Implementation:Run llama Llama index Pooling
| Knowledge Sources | |
|---|---|
| Domains | Embeddings, Pooling |
| Last Updated | 2026-02-11 19:00 GMT |
Overview
Defines the Pooling enum with CLS and MEAN pooling strategies for reducing token-level embedding tensors into fixed-size vectors.
Description
The Pooling class is a string enum that provides two pooling strategies commonly used in transformer-based embedding models:
- CLS ("cls"): Extracts the embedding from the first token (the [CLS] token). For 3D arrays (batch of sequences), it returns array[:, 0]. For 2D arrays (single sequence), it returns array[0].
- MEAN ("mean"): Computes the mean of all token embeddings. For 3D arrays, it averages along axis 1 (the sequence dimension). For 2D arrays, it averages along axis 0.

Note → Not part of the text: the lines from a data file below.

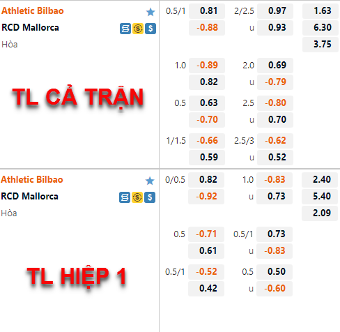 Tỷ lệ chấp chính của Bilbao vẫn được duy trì ở mức 1 hoà nhưng hiện tại điểm ăn của cửa trên đã được điều chỉnh giảm đáng kể so với lần chúng tôi cập nhật trưa nay. Tương tự bên phía tỷ lệ tài xỉu cũng có điều chỉnh giảm điểm ăn của cửa tài và mốc chính của trận đấu vẫn được duy trì ở mức 2 1/4.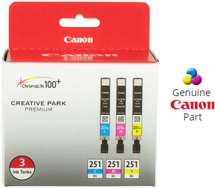 These CLI-251 6514B009 (6514B001, 6515B001, 6516B001) OEM Canon ink cartridges will not void your machine's warranty and are backed by the manufacturer guarantee.
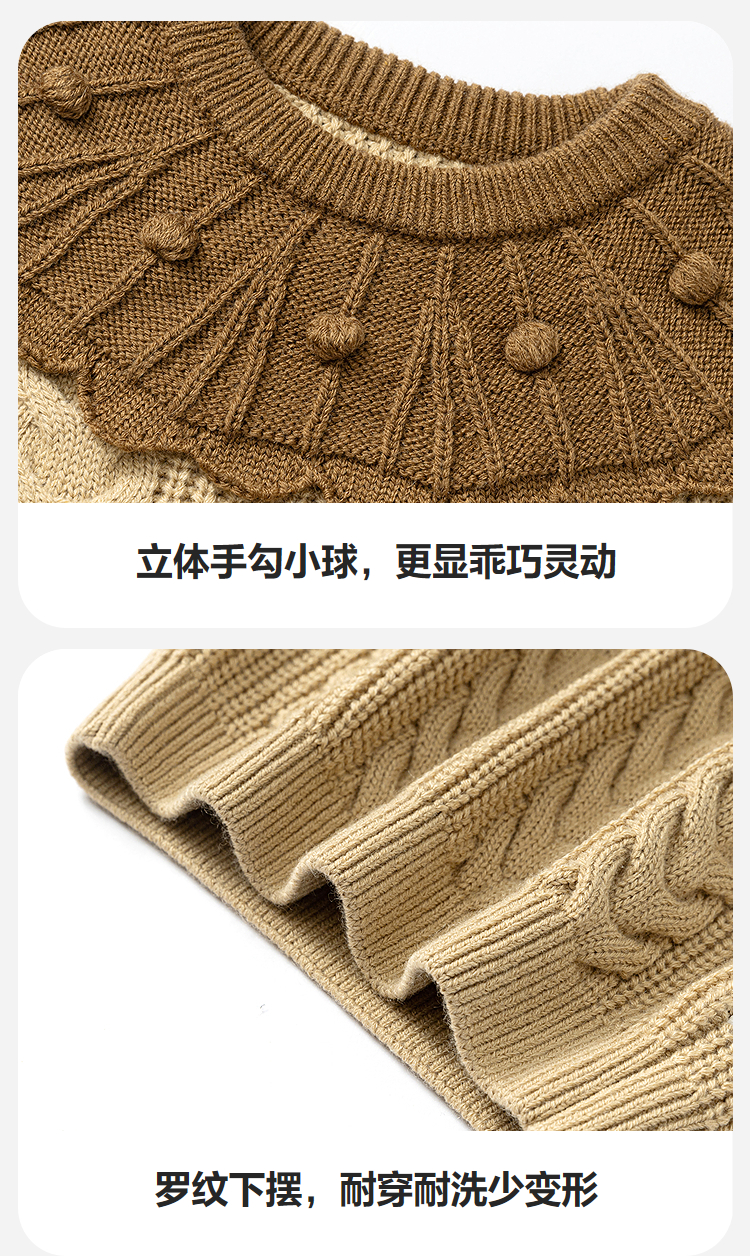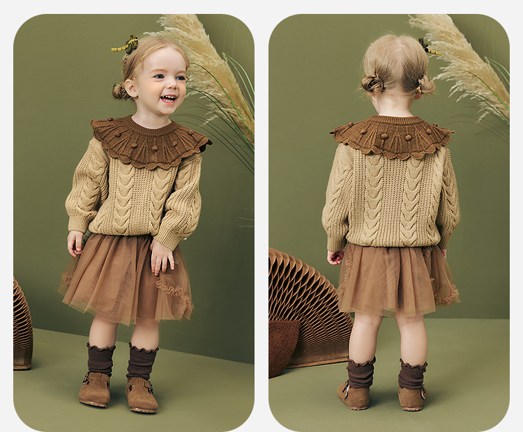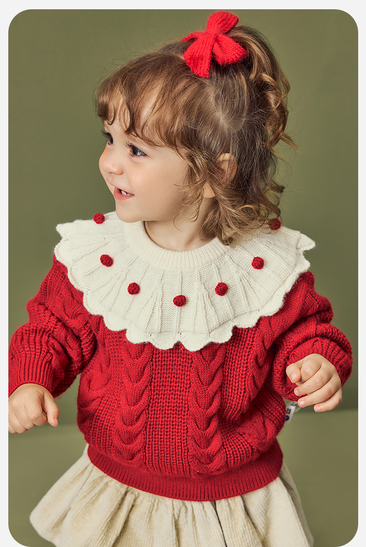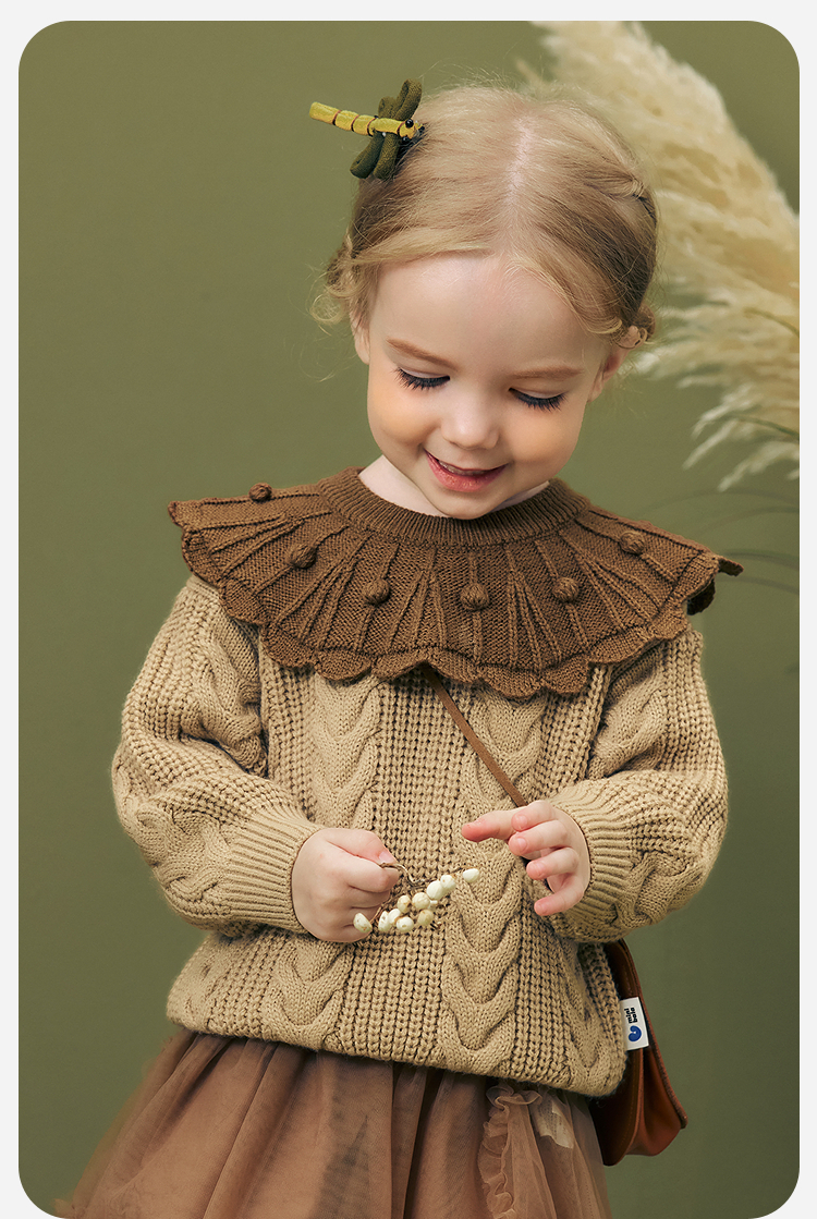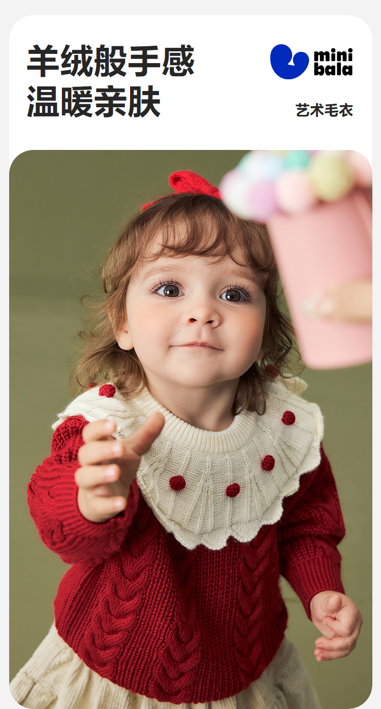 迷你巴拉女童宝宝毛衣柔软亲肤甜美大翻领立体毛球上衣2025冬新款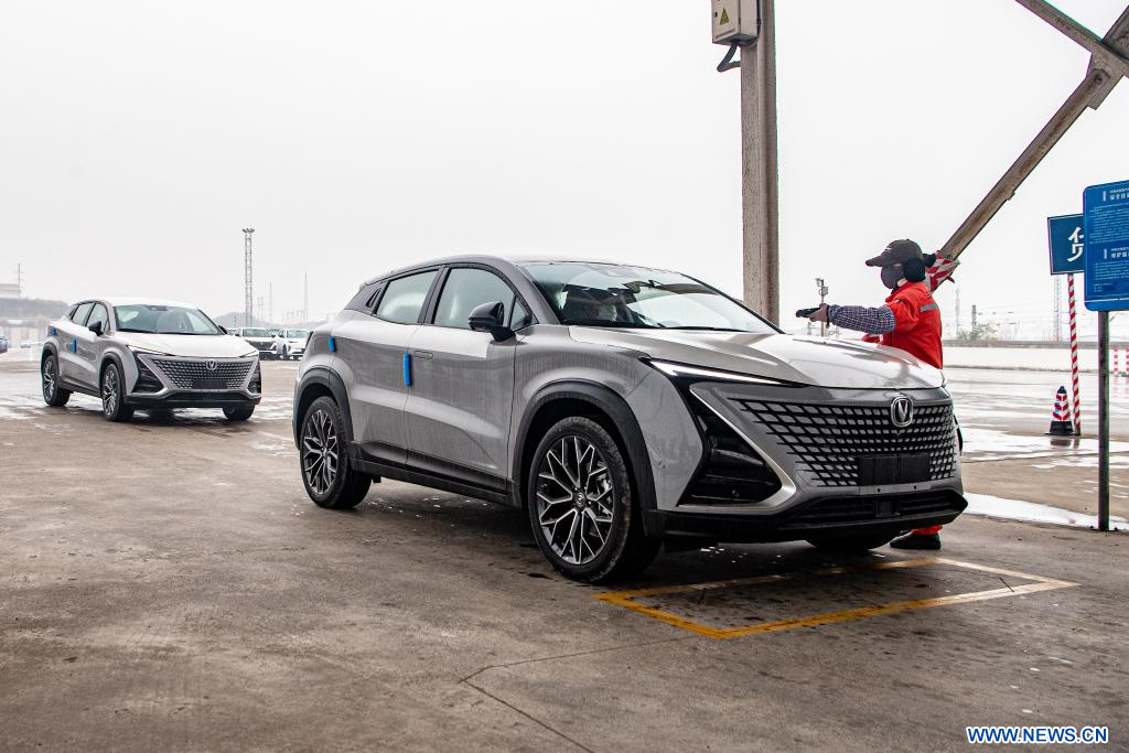 CHONGQING, 7 marzo, 2024 (Xinhua) -- Imagen del 6 de marzo de 2024 de vehículos terminados esperando para ser exportados vía trenes de carga China-Europa en la Estación Yuzui, en el distrito de Jiangbei de la municipalidad de Chongqing, en el suroeste de China. En 2023, más de 110.000 vehículos terminados han sido exportados a través de los trenes de carga China-Europa que parten de Chongqing. Mientras tanto, la ciudad también fue testigo de un crecimiento significativo en las importaciones de automóviles terminados a través del servicio del tren de carga China-Europa. (Xinhua/Tang Yi)
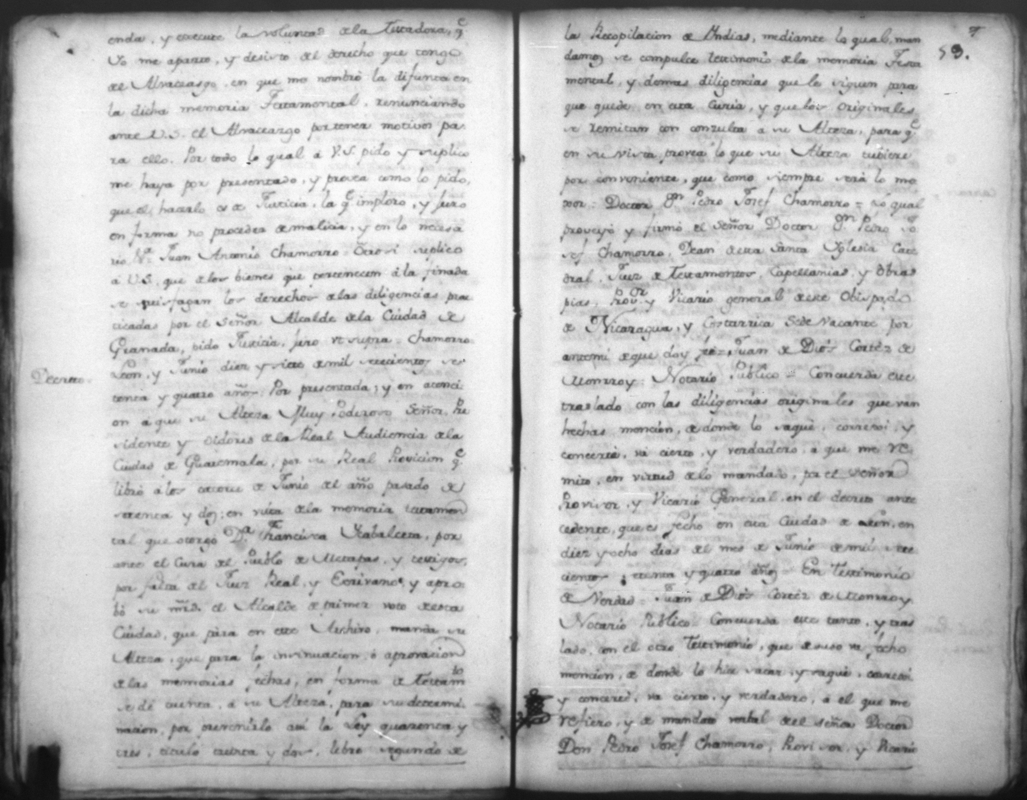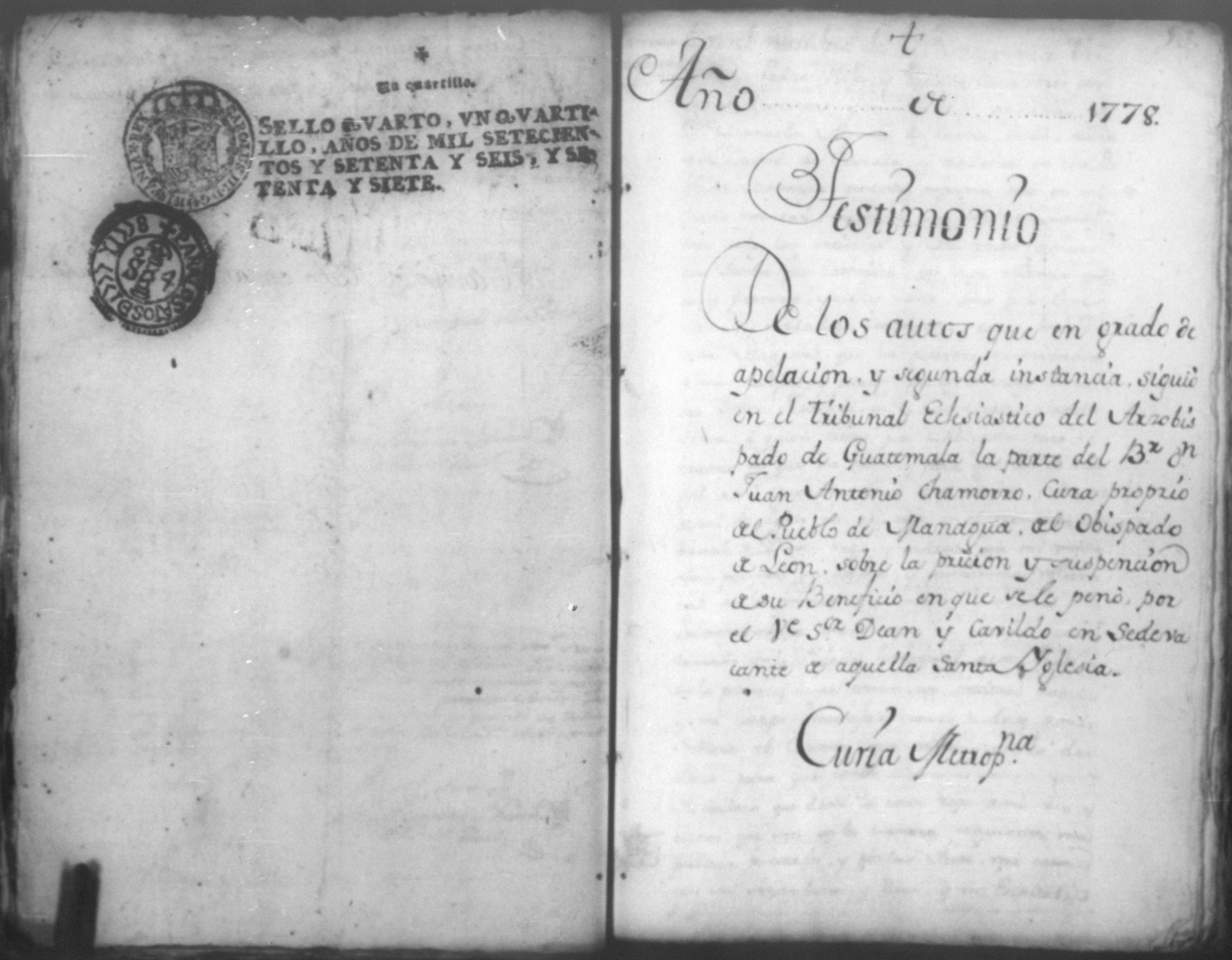 Real Provición de ruego y encargo librada al Cavildo por cede vacante, Nicaragua 1775

The enum is callable, meaning instances can be used directly as functions: calling Pooling.CLS(array) dispatches to cls_pooling and Pooling.MEAN(array) dispatches to mean_pooling. Both class methods support numpy.ndarray and torch.Tensor inputs through @overload type annotations. If an array with an unsupported number of dimensions is provided, a NotImplementedError is raised.
Usage
Use this enum when configuring or implementing embedding models that need to reduce variable-length token-level representations into fixed-size vectors. It is particularly useful when building custom embedding wrappers around HuggingFace or other transformer models where the pooling strategy is configurable.
Code Reference
Source Location
- Repository: Run_llama_Llama_index
- File: llama-index-core/llama_index/core/embeddings/pooling.py
Signature
class Pooling(str, Enum):
CLS = "cls"
MEAN = "mean"
def __call__(self, array: np.ndarray) -> np.ndarray: ...
@classmethod
def cls_pooling(cls, array: Union[np.ndarray, torch.Tensor]) -> Union[np.ndarray, torch.Tensor]: ...
@classmethod
def mean_pooling(cls, array: np.ndarray) -> np.ndarray: ...
Import
from llama_index.core.embeddings.pooling import Pooling
I/O Contract
Inputs
| Name | Type | Required | Description |
|---|---|---|---|
| array | np.ndarray or torch.Tensor | Yes | A 2D array (single sequence of token embeddings) or 3D array (batch of sequences of token embeddings). |
Outputs
| Name | Type | Description |
|---|---|---|
| result | np.ndarray or torch.Tensor | The pooled embedding: a 1D vector (from 2D input) or a 2D batch of vectors (from 3D input). |
Usage Examples
import numpy as np
from llama_index.core.embeddings.pooling import Pooling
# Token-level embeddings for a single sequence: (seq_len, embed_dim)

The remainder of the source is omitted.